Exercise directions
No pictures in the copy, please: retype all the records exactly.

Records
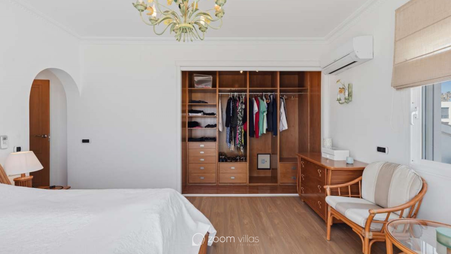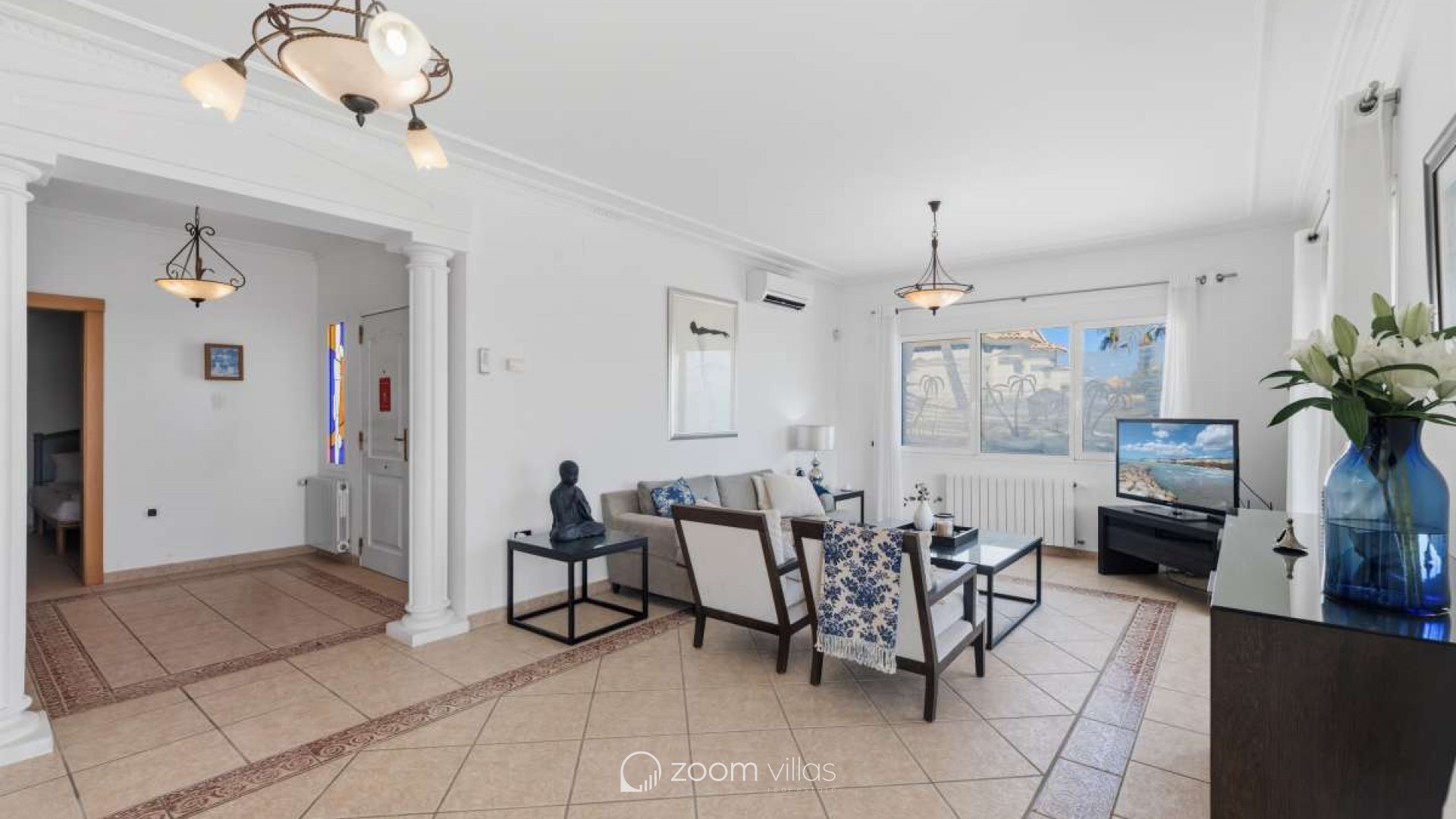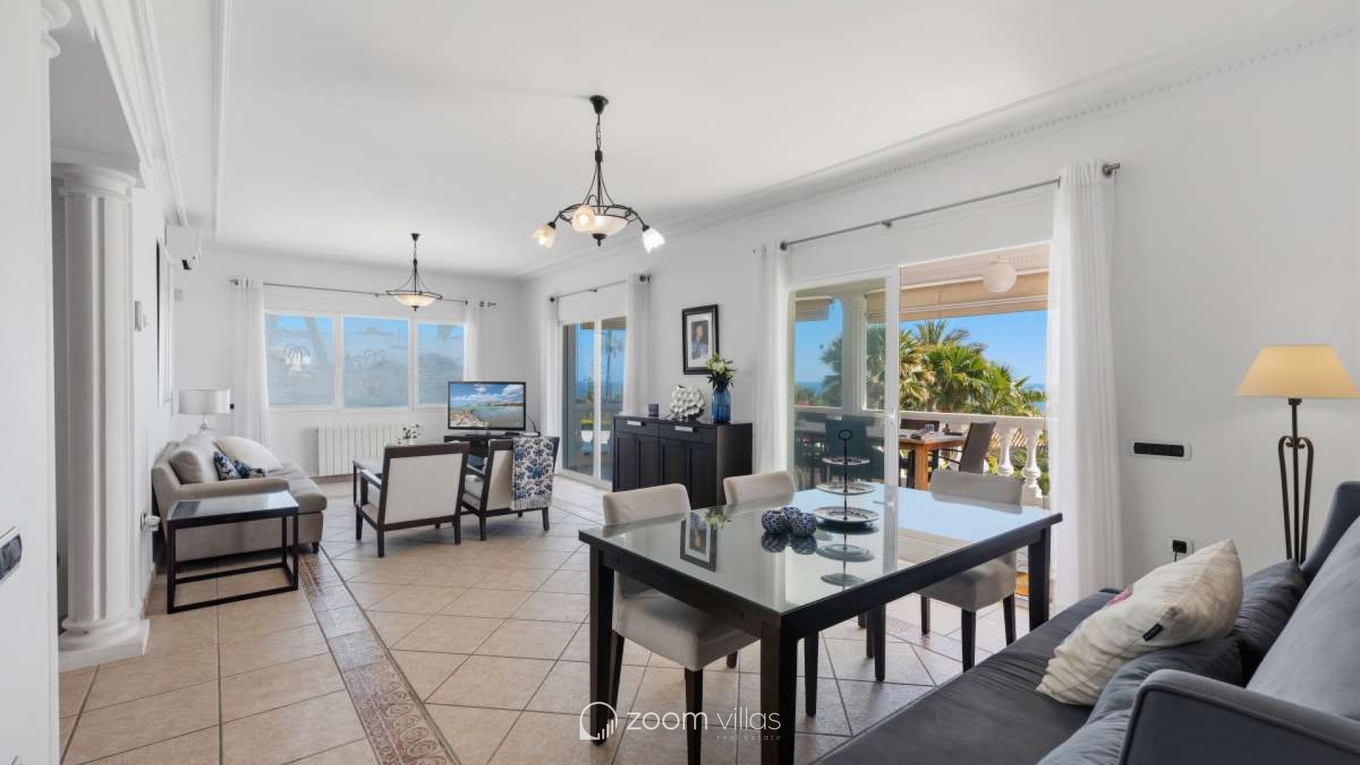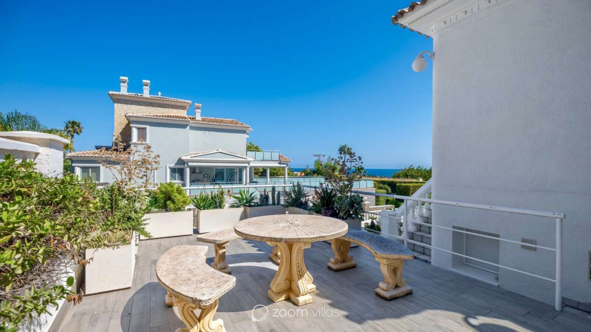 Located in a peaceful and elevated residential area of Calpe, this charming villa offers beautiful open views of the sea, the iconic Peñón de Ifach, and the town. The area is known for its tranquility and privacy, while still being just a short drive from beaches, supermarkets, restaurants, and the vibrant town center. This makes the property ideal both for permanent living and as a holiday home or rental investment.Built in 1999 on a plot of 937 m², the villa offers a total constructed area of 243 m² and is distributed over three levels, providing flexibility and excellent rental potential.The outdoor spaces are designed for enjoying the Mediterranean lifestyle, featuring a private chlorine swimming pool with sea views, several chill-out areas perfect for sunbathing and relaxing, a summer kitchen, and an outdoor shower.The main floor includes a bright living room with an open-plan kitchen and direct access to a terrace with stunning views of the sea, Calpe, and the Peñón de Ifach. From here, you can easily access the pool area and summer kitchen. This level also offers two bedrooms and a shared bathroom.The upper floor is dedicated to the master suite, featuring a private bathroom and a large terrace with panoramic views — an ideal space to enjoy sunrise and sunset over the Mediterranean.The lower level offers a separate living area with its own independent entrance, including three bedrooms, one bathroom, a storage room, and a chill-out area. This space can be used for guests or as a rental unit, while still being connected to the main house by internal stairs.The property is equipped with a gas heating system with radiators, ensuring comfort throughout the year. It also includes a private garage and additional parking space.This villa combines views, privacy, and versatility, making it a perfect choice for those looking for a comfortable home with strong rental potential in one of the most desirable areas of the Costa Blanca.
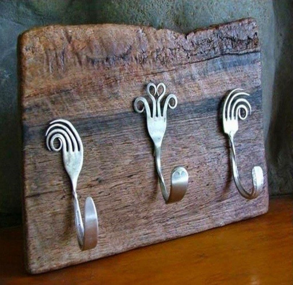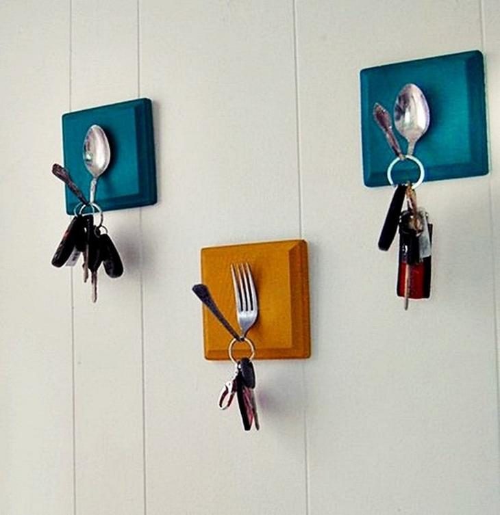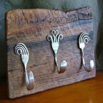 Sehr originelle Schlüsselanhänger werden aus unbrauchbaren Gabeln und Löffeln hergestellt. Sie müssen auch Befestigungselemente besorgen, eine Zange vorbereiten und, falls gewünscht, zur Dekoration malen. Es bleibt nur, die Geräte zu biegen, ihnen die Form von Haken zu geben und sie an der Produktebene oder an der Wand zu befestigen. Statt einer Sperrholz- oder Brettunterlage eignet sich ein Holzschneidebrett perfekt - eine harmonische Ergänzung im Geiste der Provence.
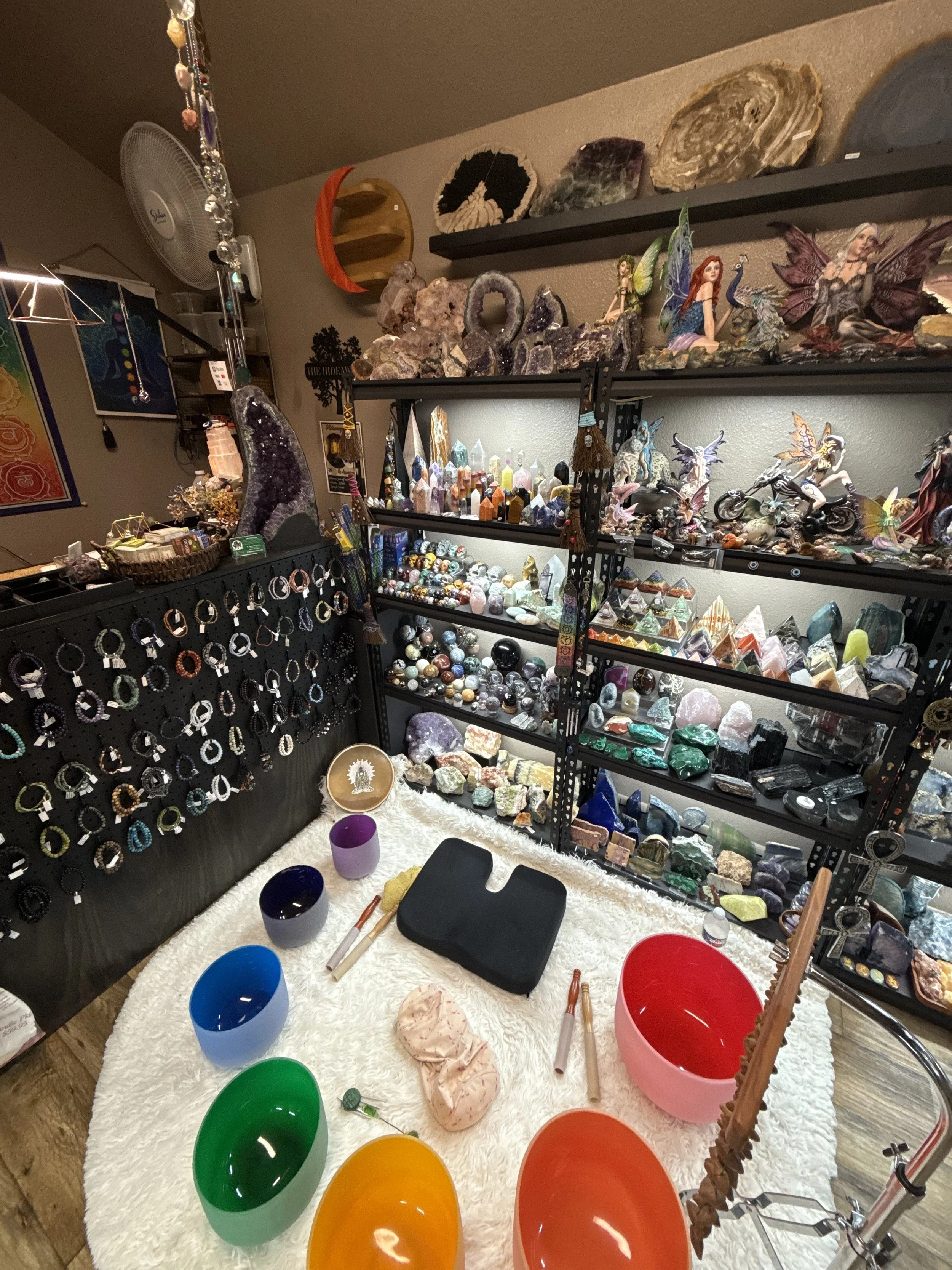 Expanded with sound-bowl sessions, oracle decks, and ritual kits.
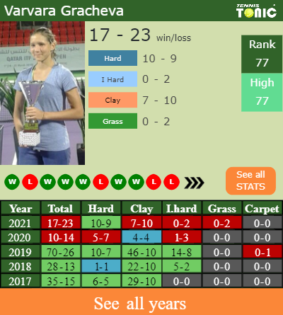 The pick for Tennis Tonic is Varvara Gracheva who should win in 2 sets.
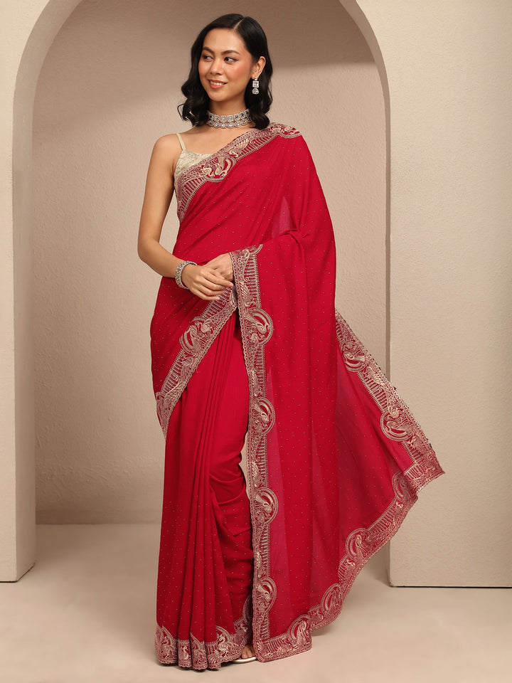 Red Embellished Silk Blend Saree With Unstitched Blouse Piece

Solution to the exercise
 Located in a peaceful and elevated residential area of Calpe, this charming villa offers beautiful open views of the sea, the iconic Peñón de Ifach, and the town. The area is known for its tranquility and privacy, while still being just a short drive from beaches, supermarkets, restaurants, and the vibrant town center. This makes the property ideal both for permanent living and as a holiday home or rental investment.Built in 1999 on a plot of 937 m², the villa offers a total constructed area of 243 m² and is distributed over three levels, providing flexibility and excellent rental potential.The outdoor spaces are designed for enjoying the Mediterranean lifestyle, featuring a private chlorine swimming pool with sea views, several chill-out areas perfect for sunbathing and relaxing, a summer kitchen, and an outdoor shower.The main floor includes a bright living room with an open-plan kitchen and direct access to a terrace with stunning views of the sea, Calpe, and the Peñón de Ifach. From here, you can easily access the pool area and summer kitchen. This level also offers two bedrooms and a shared bathroom.The upper floor is dedicated to the master suite, featuring a private bathroom and a large terrace with panoramic views — an ideal space to enjoy sunrise and sunset over the Mediterranean.The lower level offers a separate living area with its own independent entrance, including three bedrooms, one bathroom, a storage room, and a chill-out area. This space can be used for guests or as a rental unit, while still being connected to the main house by internal stairs.The property is equipped with a gas heating system with radiators, ensuring comfort throughout the year. It also includes a private garage and additional parking space.This villa combines views, privacy, and versatility, making it a perfect choice for those looking for a comfortable home with strong rental potential in one of the most desirable areas of the Costa Blanca.
 Sehr originelle Schlüsselanhänger werden aus unbrauchbaren Gabeln und Löffeln hergestellt. Sie müssen auch Befestigungselemente besorgen, eine Zange vorbereiten und, falls gewünscht, zur Dekoration malen. Es bleibt nur, die Geräte zu biegen, ihnen die Form von Haken zu geben und sie an der Produktebene oder an der Wand zu befestigen. Statt einer Sperrholz- oder Brettunterlage eignet sich ein Holzschneidebrett perfekt - eine harmonische Ergänzung im Geiste der Provence.
 Expanded with sound-bowl sessions, oracle decks, and ritual kits.
 The pick for Tennis Tonic is Varvara Gracheva who should win in 2 sets.
 Red Embellished Silk Blend Saree With Unstitched Blouse Piece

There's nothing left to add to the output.